Selling Beer for 10 Cents a Bottle

Both Calvin Lettenmaier and Ilah Mae Kronebusch grew up near Sanborn, during the hard times of the 1930s—he was born in 1927 and her in 1928.

“In the 1930s—’31 or ’32—my dad came home one morning. He’d went into the hardware store to get some parts, and he come home and he said, ‘Bank’s closed. The money is gone.’ The guy got on the train and went west.” Ilah Mae says, “Took the money.”

Calvin says during the probation years, “We made beer at home and sold it on Sunday. Ten cents a quart. I used to wash beer bottles. My dad put the beer in it. I put the cap on. You weren’t supposed to do it, but the people that made whiskey alcohol, they’re the ones that got 90 days in jail. My dad started making alcohol, and Mother said, ‘You better quit, because a couple of neighbors got caught.’”

When Calvin was 20 he took over the family farm, after his dad died in an airplane crash. “I had neighbors come before he was even buried. They wanted to farm it or buy it. One fellow looked over the place, told me I should paint the barn if he was gonna move in. I went in and told my mother, ‘We got some creeps out here that want to start farming.’ She told me, ‘Get rid of them.’”

Ilah Mae studied hair dressing, then returned to Valley City to work as a beauty operator. When she married Calvin in 1948, she gave up her job and moved to the farm. “It was a short career—let’s see, about 18 months. In those years, when you married a farmer…”

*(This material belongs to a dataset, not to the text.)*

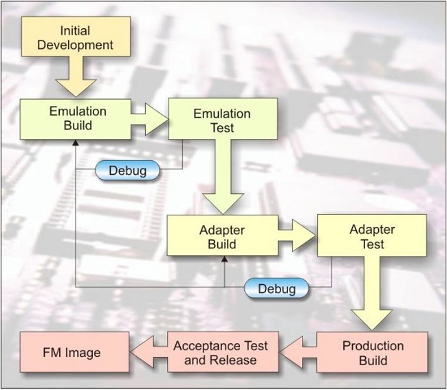 The FM produced during the previous steps should now be completely tested in emulation mode to ensure correct operation. Should errors be found in the emulation build, the developer should repeat the build/test/debug cycle until successful operation is confirmed.

Calvin and Ilah Mae raised seven children. She thinks growing up in rural North Dakota gave her children an advantage over town kids. “Just your work ethic, for one thing. If we told them to do something on the farm, they went out and did it. They didn’t stand and pout and argue. They all knew how to work. I never really heard our kids say they were bored. They were either playing or working or eating or sleeping.”